#### [Task statement]
What you return should be only the lines in the entries below between the one holding "第一眼我沒注意是防水布包。。覺得是塗鴉包的風格。。 :D 橘很亮。。隔間很讚。小包真的小巧我都愛耶。。" and the one holding "Renkli baskılı, beyaz", ends included, with every picture left out.

#### [Information provided]

#####

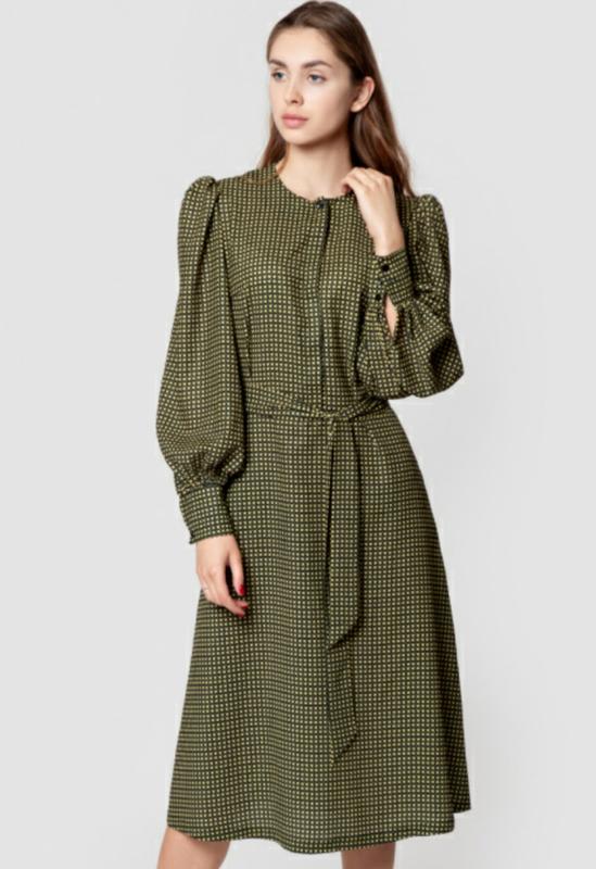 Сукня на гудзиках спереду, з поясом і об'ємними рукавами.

#####

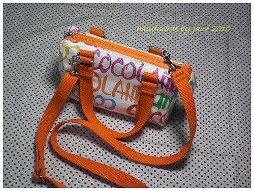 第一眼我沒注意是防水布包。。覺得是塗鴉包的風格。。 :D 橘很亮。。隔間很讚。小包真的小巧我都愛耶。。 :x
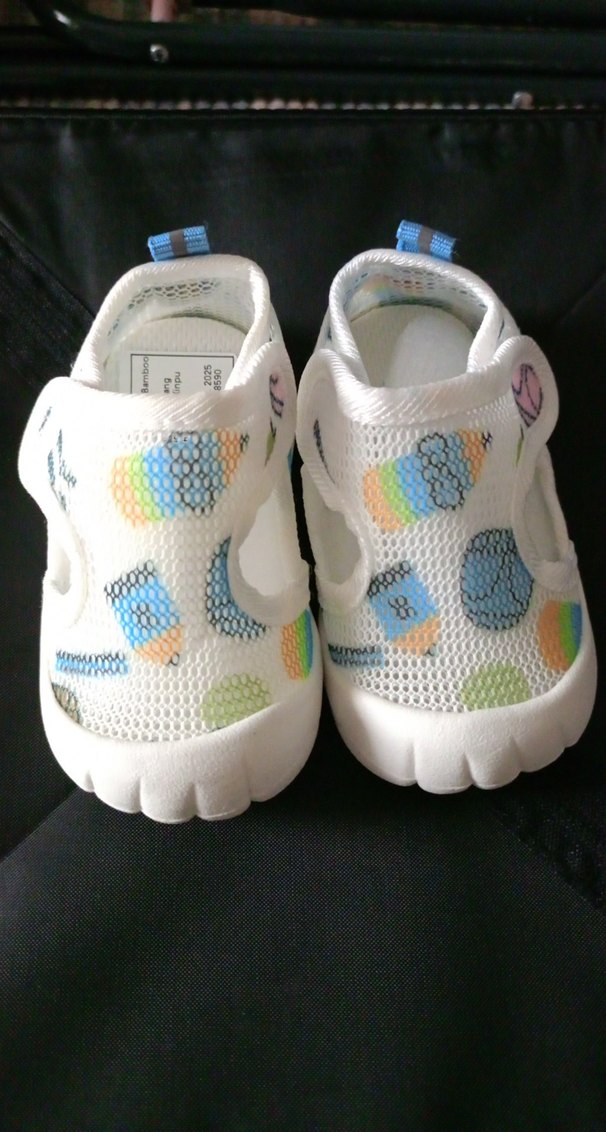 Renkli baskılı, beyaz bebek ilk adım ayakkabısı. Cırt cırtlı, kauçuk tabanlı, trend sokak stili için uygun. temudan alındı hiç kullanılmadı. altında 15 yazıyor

#####

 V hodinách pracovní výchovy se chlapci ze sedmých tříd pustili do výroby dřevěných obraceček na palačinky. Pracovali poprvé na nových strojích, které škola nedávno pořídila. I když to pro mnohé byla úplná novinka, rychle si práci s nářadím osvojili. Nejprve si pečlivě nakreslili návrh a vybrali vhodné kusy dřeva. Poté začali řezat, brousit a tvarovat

#####

#### [Solution to this exercise]
 第一眼我沒注意是防水布包。。覺得是塗鴉包的風格。。 :D 橘很亮。。隔間很讚。小包真的小巧我都愛耶。。 :x
 Renkli baskılı, beyaz bebek ilk adım ayakkabısı. Cırt cırtlı, kauçuk tabanlı, trend sokak stili için uygun. temudan alındı hiç kullanılmadı. altında 15 yazıyor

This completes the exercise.